First off you may think a hybrid would be gutless, but this car has some speed when you need it. I was very happy with the ease of passing cars on the highway. Perhaps the only real differences I noticed driving the car was the brakes slow you down a lot faster than most cars because it tops up the battery while doing so. The other major difference was the both car engines (gas and electric) turning off when at a stop light. Other than that there are a few little differences like there is no park setting on the stick you use a button to do that instead.

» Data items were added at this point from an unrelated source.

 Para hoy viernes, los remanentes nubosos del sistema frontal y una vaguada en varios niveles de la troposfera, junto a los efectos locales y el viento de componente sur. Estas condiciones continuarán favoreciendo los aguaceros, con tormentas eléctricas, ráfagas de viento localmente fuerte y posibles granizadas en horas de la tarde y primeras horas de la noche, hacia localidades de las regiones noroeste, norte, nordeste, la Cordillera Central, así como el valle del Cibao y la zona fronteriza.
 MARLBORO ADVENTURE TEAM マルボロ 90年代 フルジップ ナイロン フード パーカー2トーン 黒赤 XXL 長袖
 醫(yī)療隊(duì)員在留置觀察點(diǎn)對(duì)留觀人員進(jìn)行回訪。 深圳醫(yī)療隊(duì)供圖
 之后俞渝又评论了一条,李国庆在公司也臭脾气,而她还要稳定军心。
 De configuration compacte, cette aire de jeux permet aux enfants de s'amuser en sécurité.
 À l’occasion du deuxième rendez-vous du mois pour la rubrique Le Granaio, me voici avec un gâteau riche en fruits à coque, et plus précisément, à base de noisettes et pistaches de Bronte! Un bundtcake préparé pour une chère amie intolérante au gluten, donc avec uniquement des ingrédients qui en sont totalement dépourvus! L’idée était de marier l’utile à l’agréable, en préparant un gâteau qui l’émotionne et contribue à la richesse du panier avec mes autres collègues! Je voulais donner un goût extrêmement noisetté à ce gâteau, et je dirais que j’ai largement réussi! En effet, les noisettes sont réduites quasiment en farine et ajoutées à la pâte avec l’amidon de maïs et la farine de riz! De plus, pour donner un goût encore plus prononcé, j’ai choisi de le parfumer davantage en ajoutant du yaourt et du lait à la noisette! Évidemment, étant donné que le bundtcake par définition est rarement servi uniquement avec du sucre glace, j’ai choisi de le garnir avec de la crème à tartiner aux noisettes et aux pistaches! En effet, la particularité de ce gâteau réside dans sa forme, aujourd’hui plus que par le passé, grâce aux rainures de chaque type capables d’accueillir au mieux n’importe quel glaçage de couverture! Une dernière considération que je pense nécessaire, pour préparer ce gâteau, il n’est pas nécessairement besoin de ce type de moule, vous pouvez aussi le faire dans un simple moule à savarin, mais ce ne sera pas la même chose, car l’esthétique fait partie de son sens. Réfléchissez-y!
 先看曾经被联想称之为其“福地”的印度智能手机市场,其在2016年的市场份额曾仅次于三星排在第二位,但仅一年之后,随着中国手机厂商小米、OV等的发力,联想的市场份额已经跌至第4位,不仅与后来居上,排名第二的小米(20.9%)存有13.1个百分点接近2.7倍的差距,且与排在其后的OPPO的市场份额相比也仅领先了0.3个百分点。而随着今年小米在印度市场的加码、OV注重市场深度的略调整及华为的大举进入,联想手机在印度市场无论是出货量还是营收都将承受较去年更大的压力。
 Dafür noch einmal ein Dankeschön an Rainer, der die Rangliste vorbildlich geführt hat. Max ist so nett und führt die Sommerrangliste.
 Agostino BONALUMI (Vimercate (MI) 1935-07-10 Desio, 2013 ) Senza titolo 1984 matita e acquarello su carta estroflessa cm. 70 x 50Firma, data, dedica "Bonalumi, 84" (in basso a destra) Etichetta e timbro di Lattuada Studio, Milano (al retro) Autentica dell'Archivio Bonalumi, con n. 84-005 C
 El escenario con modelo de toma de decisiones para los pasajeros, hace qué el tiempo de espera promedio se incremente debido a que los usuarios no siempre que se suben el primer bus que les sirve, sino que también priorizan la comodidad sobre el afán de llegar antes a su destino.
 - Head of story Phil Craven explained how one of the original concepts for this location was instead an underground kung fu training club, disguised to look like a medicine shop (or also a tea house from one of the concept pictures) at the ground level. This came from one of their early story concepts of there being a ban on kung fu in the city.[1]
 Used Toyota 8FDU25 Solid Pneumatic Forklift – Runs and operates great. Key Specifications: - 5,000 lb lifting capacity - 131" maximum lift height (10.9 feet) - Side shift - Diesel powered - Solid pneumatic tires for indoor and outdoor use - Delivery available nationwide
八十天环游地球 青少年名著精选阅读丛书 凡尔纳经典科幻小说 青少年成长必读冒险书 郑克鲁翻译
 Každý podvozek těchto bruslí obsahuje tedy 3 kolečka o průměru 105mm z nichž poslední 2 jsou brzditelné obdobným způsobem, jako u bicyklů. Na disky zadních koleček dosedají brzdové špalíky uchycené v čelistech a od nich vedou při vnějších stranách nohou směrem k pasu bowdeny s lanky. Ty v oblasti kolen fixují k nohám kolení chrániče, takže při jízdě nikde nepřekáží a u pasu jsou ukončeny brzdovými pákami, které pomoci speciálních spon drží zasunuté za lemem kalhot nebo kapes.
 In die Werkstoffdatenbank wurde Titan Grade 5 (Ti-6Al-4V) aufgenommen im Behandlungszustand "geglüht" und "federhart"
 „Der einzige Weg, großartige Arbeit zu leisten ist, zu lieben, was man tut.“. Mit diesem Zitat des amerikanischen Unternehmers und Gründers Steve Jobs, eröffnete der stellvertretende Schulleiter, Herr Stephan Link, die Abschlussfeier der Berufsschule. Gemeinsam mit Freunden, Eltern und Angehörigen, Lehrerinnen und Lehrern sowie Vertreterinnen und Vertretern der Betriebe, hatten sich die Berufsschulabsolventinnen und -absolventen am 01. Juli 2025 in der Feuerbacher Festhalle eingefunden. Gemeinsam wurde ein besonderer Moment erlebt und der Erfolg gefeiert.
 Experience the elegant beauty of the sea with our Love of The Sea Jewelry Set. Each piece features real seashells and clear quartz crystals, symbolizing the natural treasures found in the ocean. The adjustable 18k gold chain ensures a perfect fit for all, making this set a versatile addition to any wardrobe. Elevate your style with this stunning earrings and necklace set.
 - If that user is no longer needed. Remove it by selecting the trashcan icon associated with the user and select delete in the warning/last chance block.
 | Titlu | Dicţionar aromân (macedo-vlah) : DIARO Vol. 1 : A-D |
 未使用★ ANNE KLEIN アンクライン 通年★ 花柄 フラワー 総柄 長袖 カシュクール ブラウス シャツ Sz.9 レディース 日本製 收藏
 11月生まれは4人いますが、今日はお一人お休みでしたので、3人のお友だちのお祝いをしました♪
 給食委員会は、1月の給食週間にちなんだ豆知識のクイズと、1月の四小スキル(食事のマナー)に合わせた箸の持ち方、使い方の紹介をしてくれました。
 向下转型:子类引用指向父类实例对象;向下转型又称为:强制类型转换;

I thought the car was highly educational. Having an instant readout of your current fuel consumption is very interesting. I learned that passing someone using a lot more fuel than I would have guessed (you spike to about 18 L/100 km). Also I learned quickly any other faster acceleration uses a lot of gas as well. I found by dropping speed from 111 km/h to 109 km/hr saves you about 1 L/100 km off your fuel consumption, but turning off the air conditioning only saves about 0.2 L/100 km. Yet a bad piece of highway will cost you about 0.5 L/100 km.
Now because of all the tracking on the car I know for my short day trip I averaged 6.1 L/100km for mostly highway driving. My current car, the Echo, is rated for about 5.5 L/100km for the highway and 7.0 L/100km for in city. So the reality is unless you do a lot in in city driving a hybrid just isn’t going to save you much money on gas. If you do a lot of city driving a Prius might be right for you. I check on the city mileage rating, it was 4.0 L/100 km.
The car is a fun toy to drive if you want to improve your milage by adjusting your driving habits, but depending on how much in city verus highway driving you do don’t expect to save much gas with one. So in my case I likely won’t be getting a hybrid very soon, but I will watch their developments with interest.